* [Task objective]: Exactly the lines below, starting with the one containing "Now, with another" and going on through the one containing "from 2017. | |||||||||||||||||||||||||||||||||||||||||||||", must be reproduced, both ends included, and no pictures with them.

* [Stored data]:

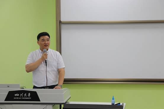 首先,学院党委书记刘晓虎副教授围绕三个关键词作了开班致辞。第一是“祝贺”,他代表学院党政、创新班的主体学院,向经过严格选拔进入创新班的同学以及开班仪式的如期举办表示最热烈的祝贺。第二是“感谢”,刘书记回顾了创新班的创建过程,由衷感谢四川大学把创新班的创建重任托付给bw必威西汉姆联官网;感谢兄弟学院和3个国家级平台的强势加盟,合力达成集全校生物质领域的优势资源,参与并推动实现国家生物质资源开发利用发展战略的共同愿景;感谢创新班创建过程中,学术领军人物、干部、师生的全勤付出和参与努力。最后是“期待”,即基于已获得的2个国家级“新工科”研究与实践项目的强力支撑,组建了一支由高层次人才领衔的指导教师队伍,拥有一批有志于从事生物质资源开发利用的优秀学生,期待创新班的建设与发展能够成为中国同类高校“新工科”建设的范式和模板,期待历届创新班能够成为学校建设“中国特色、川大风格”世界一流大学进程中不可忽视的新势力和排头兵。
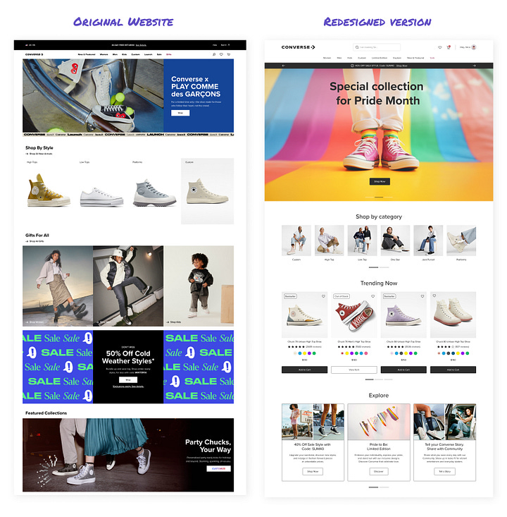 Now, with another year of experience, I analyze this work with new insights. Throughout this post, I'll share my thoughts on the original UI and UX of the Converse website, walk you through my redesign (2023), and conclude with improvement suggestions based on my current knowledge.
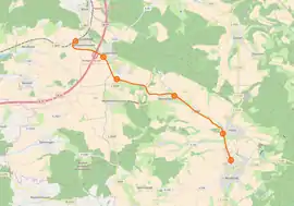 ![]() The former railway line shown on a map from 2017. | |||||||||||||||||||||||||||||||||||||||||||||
---
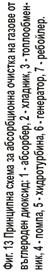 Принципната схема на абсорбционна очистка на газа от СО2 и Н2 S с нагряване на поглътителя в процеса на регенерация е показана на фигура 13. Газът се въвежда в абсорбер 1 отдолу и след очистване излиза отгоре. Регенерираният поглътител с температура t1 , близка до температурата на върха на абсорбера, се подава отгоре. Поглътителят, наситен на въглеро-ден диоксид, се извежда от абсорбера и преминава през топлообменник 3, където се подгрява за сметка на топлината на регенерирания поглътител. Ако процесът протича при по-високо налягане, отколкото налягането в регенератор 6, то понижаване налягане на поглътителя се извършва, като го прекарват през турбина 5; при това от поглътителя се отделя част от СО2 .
...
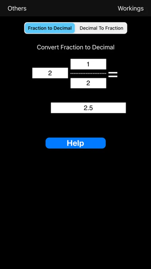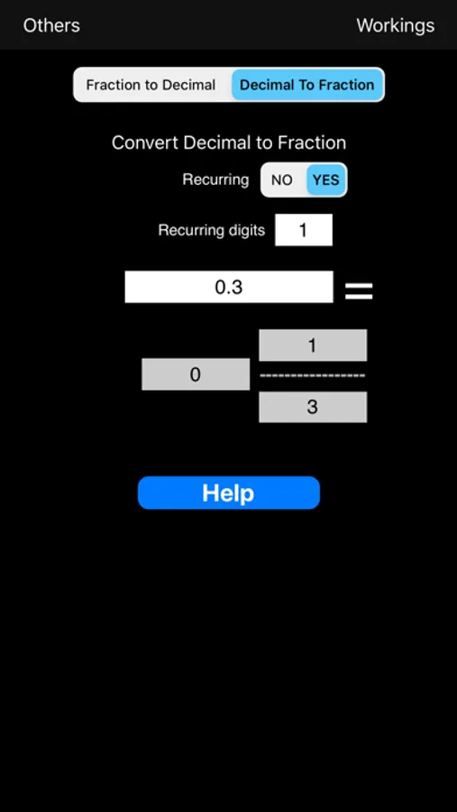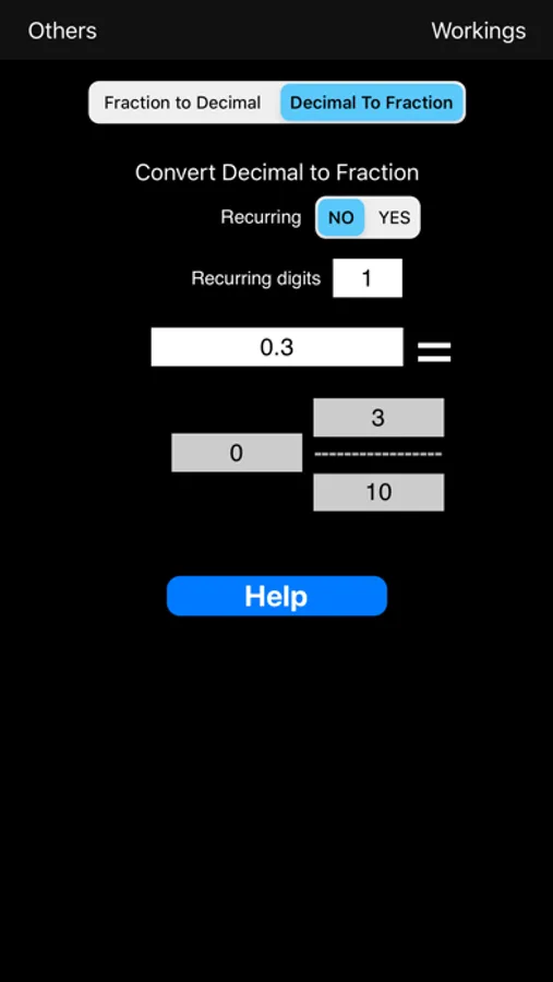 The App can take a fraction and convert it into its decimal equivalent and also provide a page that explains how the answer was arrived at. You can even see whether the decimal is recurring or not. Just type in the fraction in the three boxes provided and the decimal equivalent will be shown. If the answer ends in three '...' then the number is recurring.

* [Task solution]:
 Now, with another year of experience, I analyze this work with new insights. Throughout this post, I'll share my thoughts on the original UI and UX of the Converse website, walk you through my redesign (2023), and conclude with improvement suggestions based on my current knowledge.
 ![]() The former railway line shown on a map from 2017. | |||||||||||||||||||||||||||||||||||||||||||||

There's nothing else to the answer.